Federal regulation of telemarketing invites internal government conflict, as two agencies—the Federal Trade Commission (FTC) and the Federal Communications Commission (FCC)—separately regulate one common area: commercial solicitations delivered via interstate phone calls. In August, the FTC adopted a rule tightening its regulation of prerecorded commercial messages (a type of commercial call) and in the process, greatly restricted certain practices that are allowed under the FCC rules.

Each federal agency acts under its own delegation of authority from Congress, and both have adopted extensive telemarketing rules. Outright conflicts, or even divergences between the two regimes, threatened to generate such uncertainties for legitimate telemarketers that in 2003, Congress instructed the agencies to consult with each other to "maximize consistency." Yet, in its 2006 notice of proposed rulemaking concerning prerecorded messages, the FTC said "regulatory uniformity" is a "laudable goal" but not a "sufficient basis" for regulatory forbearance. The new final rule reflects that view.

Prerecorded Solicitation Calls to Customers

Many businesses telemarket to their customers using prerecorded voice messages, which can deliver a simple alert more cheaply than can a bank of live operators. The FTC's new rule may effectively shut down this type of marketing, although in form the rule actually addresses only a consequence of using predictive dialers known as "call abandonment." Telemarketers commonly use predictive dialers to place more calls than they have available human operators, betting that a substantial portion of these calls will not successfully reach a person. Used responsibly, predictive dialers markedly increase the efficiency of telemarketing campaigns. But dialers also can annoy or frighten consumers, because, if an operator is not available when an individual picks up the phone, the individual could hear only silence. Such a call is said to be "abandoned." Since 2003, both the FTC and the FCC have required telemarketers to set predictive dialers such that operators are available for 97% of calls that reach a live person and only 3% of calls are "abandoned."

Yet, in 2003, the FCC was careful to create an exception that preserved business' ability to send prerecorded solicitation messages to their existing customers. In other words, a marketing campaign to customers would require no human operators, and consumers would hear only the prerecorded solicitation. Notably, the FTC never adopted such an exception. But until now, the agency has refrained from enforcing its call abandonment rules in contravention of the FCC's more tolerant stance.

The Final FTC Rule

In its 2008 final rule, the FTC determined that a prerecorded message campaign to existing customers violates the call abandonment rules, because, by definition, none of these calls would be answered by a live operator and all would be "abandoned." With few exceptions, prerecorded solicitations will be permissible only with prior signed consent from call recipients, including a business' established customers. Further, a consumer's purchase cannot be conditioned on the seller receiving consent to transmit prerecorded ads. These requirements come into effect on September 1, 2009.

Diverging further from FCC regulations, the new FTC rules require all prerecorded solicitation campaigns—including those to existing customers—to provide an "opt-out" opportunity during the call itself.
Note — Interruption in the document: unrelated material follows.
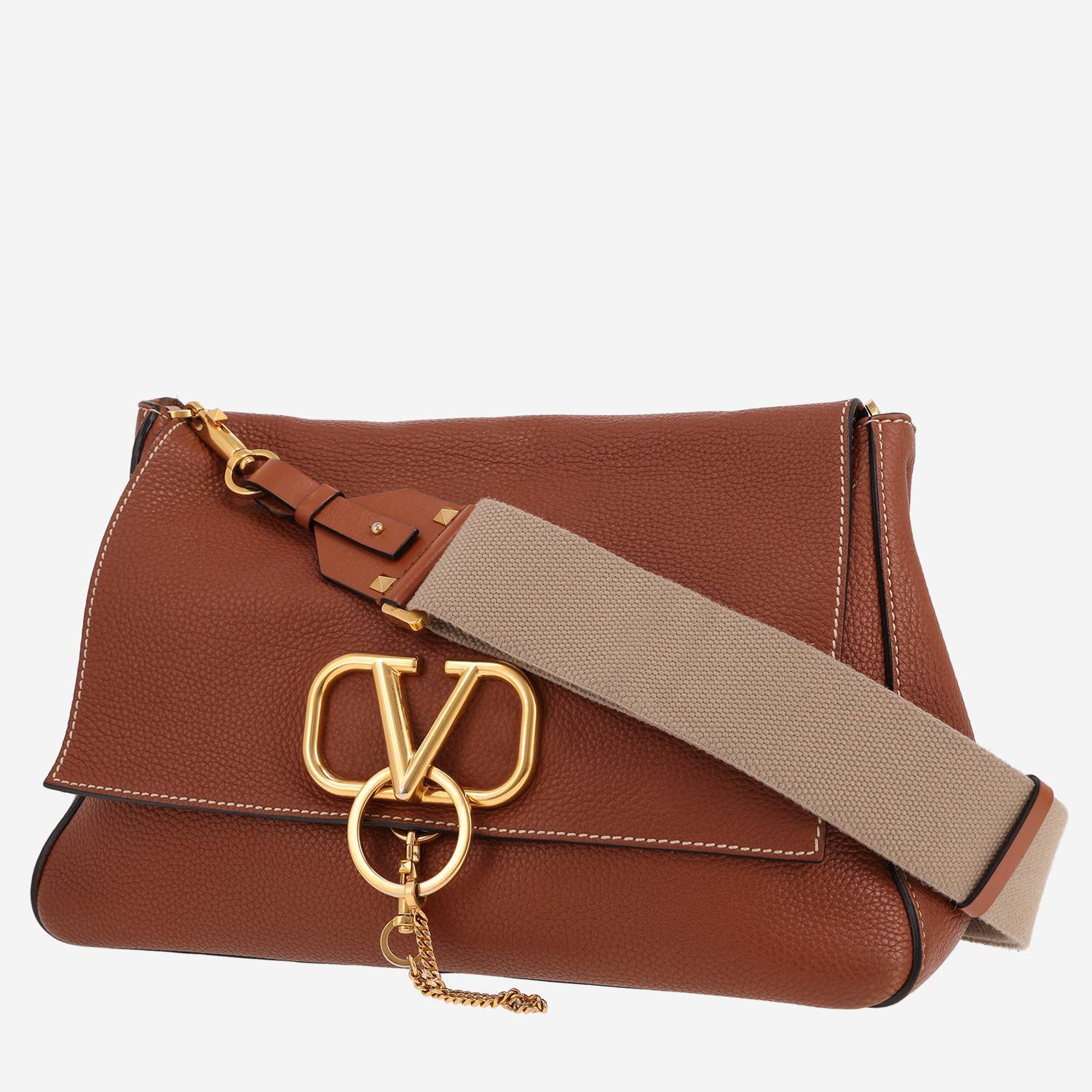 Magnifique sac à main Valentino Garavani Vlogo en cuir grainé marron, garniture en métal doré, une anse bandoulière amovible réglable en toile beige permettant un porté épaule ou bandoulière.

For example, recipients of prerecorded messages must be informed that they can opt out by hitting a button or saying something like "no more calls" during the message. Similarly, if a call reaches a voice mail box, the campaign must leave a toll-free number where a consumer may make a "no call" request. These rules apply starting December 1, 2008.

In support of its final rule, the FTC points to thousands of comments from consumers who complain about prerecorded messages. Although the agency acknowledges inconsistencies with FCC regulations, it sees no outright conflict because complying with FTC rules does not require a business to violate FCC rules. FTC rules merely impose restrictions in addition to the FCC's requirements, according to the agency. Such inconsistencies between the two federal regulatory regimes are not clear violations of prior Congressional mandates to these agencies.

Businesses probably should consider abandoning prerecorded solicitations, even to their established customers, if the calls cross state lines. The difficulties of obtaining signed, written consent from individuals to receive these calls, plus the ease with which a call recipient could opt-out from further calls, suggests that this mode of telemarketing may no longer be practical.